What "No Evidence of Harm" Actually Means

Table of contents

The Four Meanings¶
Real Examples¶
The 7-Day Window Problem¶
A Historical Lesson¶
The Checklist¶
The Translation Guide¶
The Point¶

"No evidence of harm."

You'll find this phrase in regulatory documents, product labels, and public health communications. It sounds reassuring. A vaccine was studied, no harm was found, therefore it's safe.

But the phrase can mean at least four very different things. Only one of them is reassuring.

Say you've lost your keys. You pat one pocket of a four-pocket jacket and say: "no evidence my keys are in my jacket." Technically true. You checked one pocket, but you still know nothing about the other pockets. That's what "no evidence of harm" is often short for in safety reporting: we checked one pocket.

The Four Meanings¶

1. We looked and found nothing (Strong)¶

The study was designed to detect the outcome in question. It had adequate sample size, appropriate follow-up duration, and pre-specified endpoints. The outcome was measured. Nothing was found.

This is genuine evidence of safety, at least for that outcome at that detection threshold.

Example: A trial of 70,000 infants specifically designed to detect intussusception at 1:10,000, with active case finding, finds no signal. That's meaningful.¹

This is rare.⁵ Most "no evidence of harm" claims are not this.

2. We looked but couldn't see (Weak)¶

The study measured the outcome, but lacked statistical power to detect realistic effect sizes. The sample was too small, or the event too rare, for absence of signal to mean much.

Example: A trial of 341 pregnant women reports "no serious adverse events." With N=341, you can only detect events occurring in roughly 1 in 50 people (2%).
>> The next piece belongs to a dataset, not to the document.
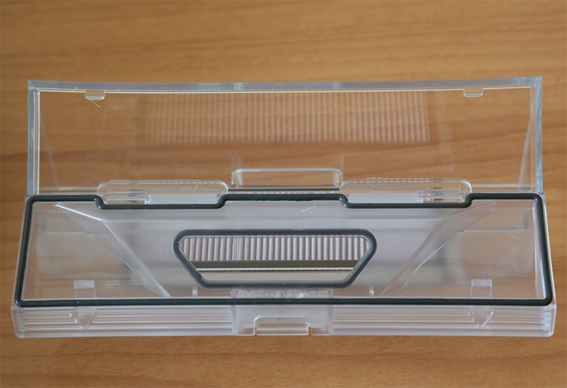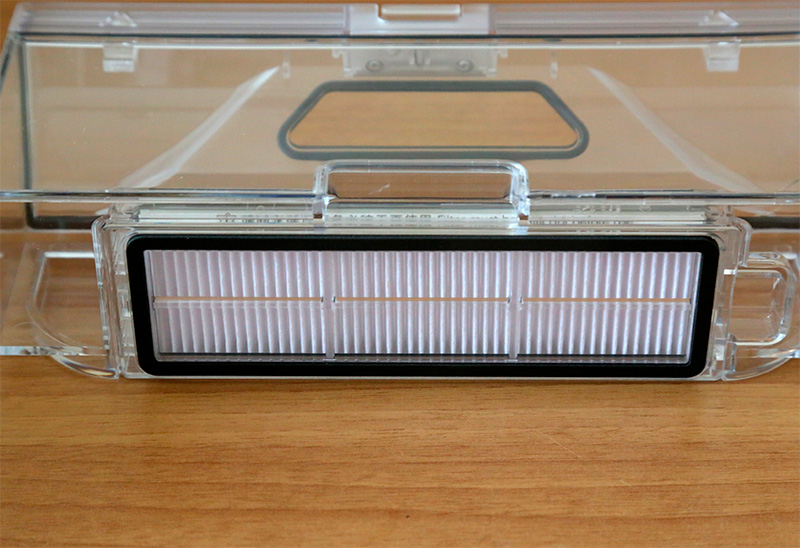 В контейнер вставлен HEPA-фильтр. На нём содержится предупреждение о том, что фильтр следует использовать сухим.

Anything rarer is invisible. "No evidence" here means "we couldn't have seen it if it existed at 1:100 or 1:1,000."

This is the most common meaning of "no evidence of harm" in vaccine safety.
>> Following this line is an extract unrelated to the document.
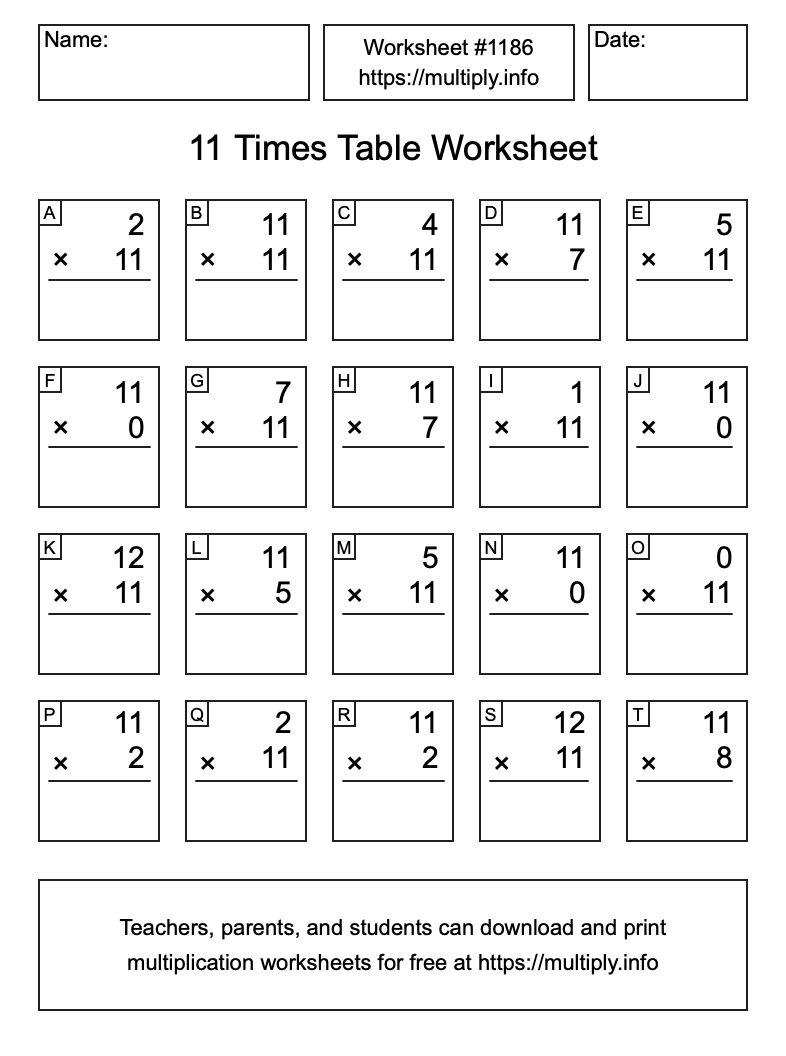 Here is the 11 Times Table Worksheet #1186. This worksheet contains problems related to the multiplication table of 11. Print and/or save the worksheet using the buttons below the image. You can also drag or right-click on the image to download it to your device.

3. We didn't measure it (Worthless)¶

The outcome wasn't in the study design. It wasn't a pre-specified endpoint. Nobody looked.

Example: A trial tracks injection-site reactions and fever for 7 days. Someone asks about autoimmune conditions. The answer "no evidence of harm" means "we didn't measure autoimmune conditions," not "we measured them and found nothing."

This is common.

4. We measured at the wrong time (Worthless for that outcome)¶

The outcome was measured, but the follow-up duration was too short for the outcome type. A 7-day window cannot detect conditions that take weeks or months to manifest.

Example: A study follows infants for 42 days and reports "no neurological events." But conditions that manifest months or years later (whether metabolic, autoimmune, or developmental) cannot be detected in a 42-day window. The study cannot detect what it cannot observe.

Real Examples¶

Thimerosal (1999)¶

On July 9, 1999, the American Academy of Pediatrics and Public Health Service issued a joint statement about thimerosal in vaccines:

"There are no data or evidence of any harm caused by the level of exposure that some children may have encountered in following the existing immunization schedule." — AAP/PHS Joint Statement, MMWR 1999

Reassuring. But the same bodies later acknowledged:

"Limited data on toxicity from low-dose exposures to ethylmercury are available" — AAP Technical Report, 2001

Translation: We hadn't studied it. "No evidence of harm" meant "absence of studies," not "studies showing absence of harm."

The phrase "no evidence of harm" covered both "we looked and found nothing" and "we didn't look." The public heard the first meaning. The technical reality was the second.

Tdap in Pregnancy (2014)¶

The foundational trial for Tdap vaccination in pregnancy (NCT00707148) enrolled 48 pregnant women (33 vaccine, 15 placebo). Solicited adverse events were tracked for 7 days. The study reported "no Tdap-associated serious adverse events."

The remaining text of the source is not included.